#### [BRIEF]
Each line below must be reproduced exactly, though the pictures are to be dropped.

#### [DATA SHOWN]
□ □ □

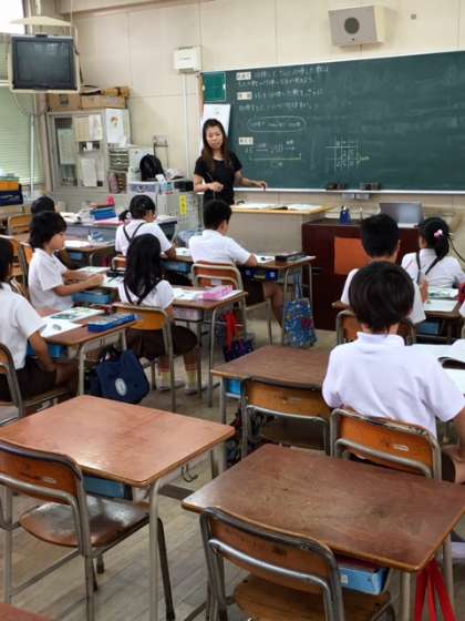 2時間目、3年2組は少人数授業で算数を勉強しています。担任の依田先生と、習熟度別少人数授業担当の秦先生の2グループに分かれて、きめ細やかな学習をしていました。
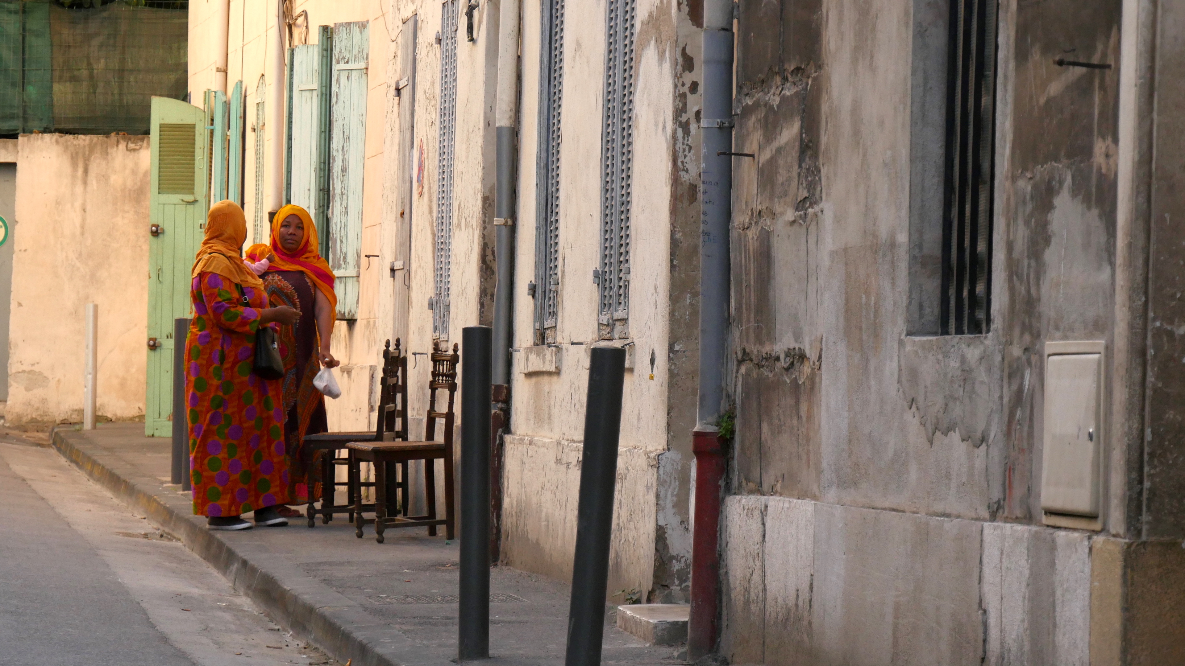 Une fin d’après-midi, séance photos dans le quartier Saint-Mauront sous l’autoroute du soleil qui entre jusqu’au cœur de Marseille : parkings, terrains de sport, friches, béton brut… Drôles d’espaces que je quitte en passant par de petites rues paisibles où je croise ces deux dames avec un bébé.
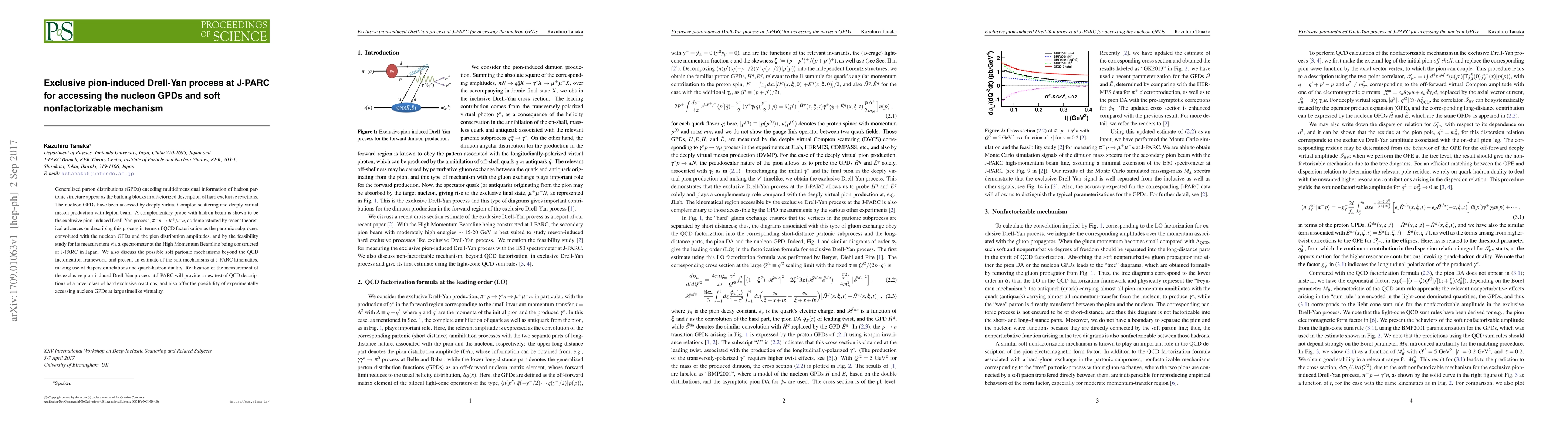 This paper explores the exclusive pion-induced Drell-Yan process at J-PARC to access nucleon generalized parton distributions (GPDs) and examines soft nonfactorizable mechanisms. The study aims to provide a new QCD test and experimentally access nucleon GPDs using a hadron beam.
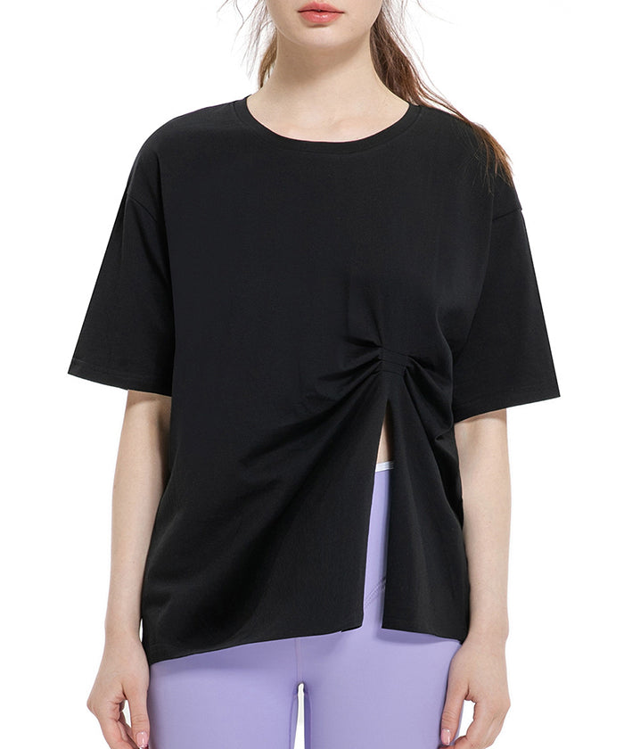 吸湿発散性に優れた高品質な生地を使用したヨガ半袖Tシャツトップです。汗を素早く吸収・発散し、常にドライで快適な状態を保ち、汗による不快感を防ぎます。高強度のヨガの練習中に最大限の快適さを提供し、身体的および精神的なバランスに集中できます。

□ □ □

#### [RESULT]
 2時間目、3年2組は少人数授業で算数を勉強しています。担任の依田先生と、習熟度別少人数授業担当の秦先生の2グループに分かれて、きめ細やかな学習をしていました。
 Une fin d’après-midi, séance photos dans le quartier Saint-Mauront sous l’autoroute du soleil qui entre jusqu’au cœur de Marseille : parkings, terrains de sport, friches, béton brut… Drôles d’espaces que je quitte en passant par de petites rues paisibles où je croise ces deux dames avec un bébé.
 This paper explores the exclusive pion-induced Drell-Yan process at J-PARC to access nucleon generalized parton distributions (GPDs) and examines soft nonfactorizable mechanisms. The study aims to provide a new QCD test and experimentally access nucleon GPDs using a hadron beam.
 吸湿発散性に優れた高品質な生地を使用したヨガ半袖Tシャツトップです。汗を素早く吸収・発散し、常にドライで快適な状態を保ち、汗による不快感を防ぎます。高強度のヨガの練習中に最大限の快適さを提供し、身体的および精神的なバランスに集中できます。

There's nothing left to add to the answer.